Tennessee Valley is one of the more beautiful, family friendly hiking areas in the Bay Area. It draws a crowd, especially on Christmas Day when the weather is gorgeous and people are looking to get out. It's where I found myself this past Christmas, doing a little solo communing and reflection.

I had other options. My family wanted me to fly to the East Coast for some golf, tennis, and smorgasbords. Friends in any number of directions invited me to visit and break bread and indulge in flowing martinis. But something inside me knew what I needed more than anything was R&R. Not "rest and relaxation," but "recharging and restoration."

It's not that 2014 had been a "long year." In many ways it was a "strong year." Business moved forward. My one-on-one and group clients were happy. But me? My soul was spent. And the deepest voice inside me knew it was time to practice more consciously what I preach. So I laced up my sneakers and made a move for me.
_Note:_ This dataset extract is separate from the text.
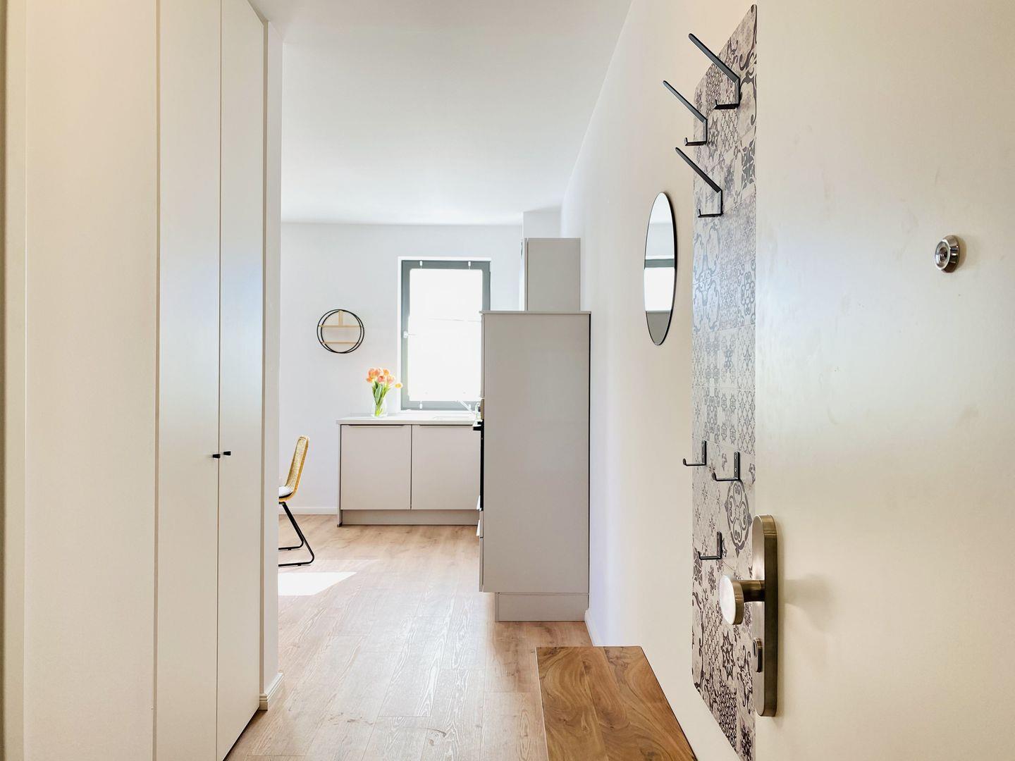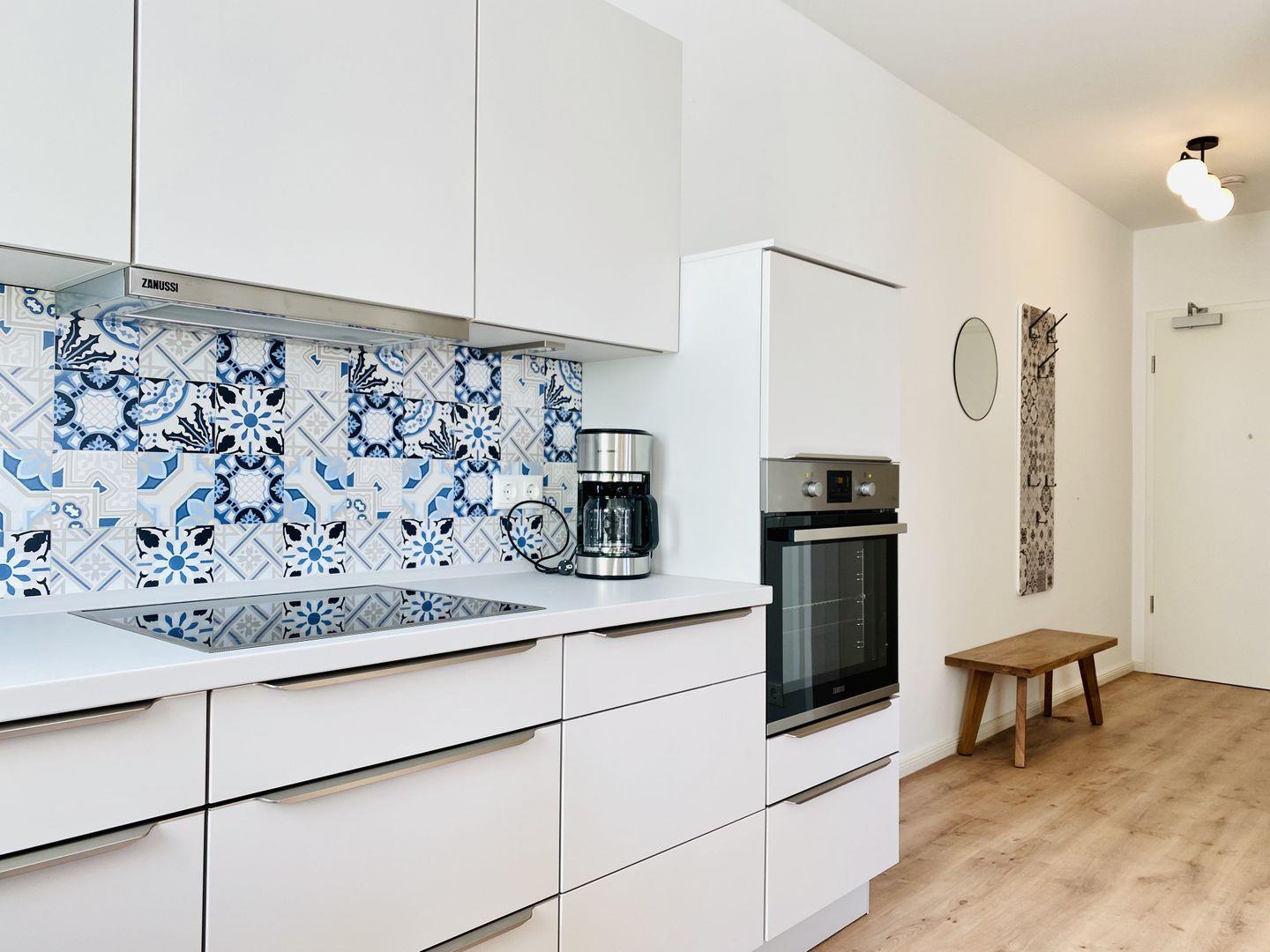 Genießen Sie entspannte Stunden im gemütlichen Wohnbereich mit Eck-Couch, Musikanlage und Smart-TV und Balkonzugang. Die Küche ist mit Filterkaffeemaschine, Wasserkocher, Toaster, Mixer, Geschirrspüler, Backofen, Kühlschrank, Gefrierfach und Kochfeld ausgestattet und bietet die perfekte Grundlage für einen geselligen Kochabend oder ein ausgedehntes Urlaubsfrühstück. An den Wohnbereich schließt sich die offene und komplett ausgestattete Küchenzeile mit Essbereich an. Von hier kann man den nach Osten ausgerichteten Balkon, ausgestattet mit Tisch und klappbaren Lehnstühlen betreten.

A walk brings certain things to light, especially when you're alone. The world becomes a mirror. It doesn't matter if you're staring into trees, hills or ocean.

The stunning interconnection of everything around you illuminates the fact that as you look out you're actually looking within. In so doing, I couldn't help but examine the places where I was struggling.

I'd spent a ton of energy trying to build width in my life while forsaking depth. My focus on mass depleted meaning, while my quest for security through quantity had deflated quality.

It's a reality many of us are thrust into, a mindset built around the number of likes our posts generate, how many followers we have on our feed. What exactly are we feeding on these feeds? Are we feeding ourselves?

In that moment, I knew the only way I could truly feed myself was to honestly introspect, carefully examine, and courageously change. No matter how many followers or likes or favorites I generate, the quality--the DEPTH--of my most important relationships would continue to slip. And everything had to start with the most challenging and longest relationship I've had: the one with myself.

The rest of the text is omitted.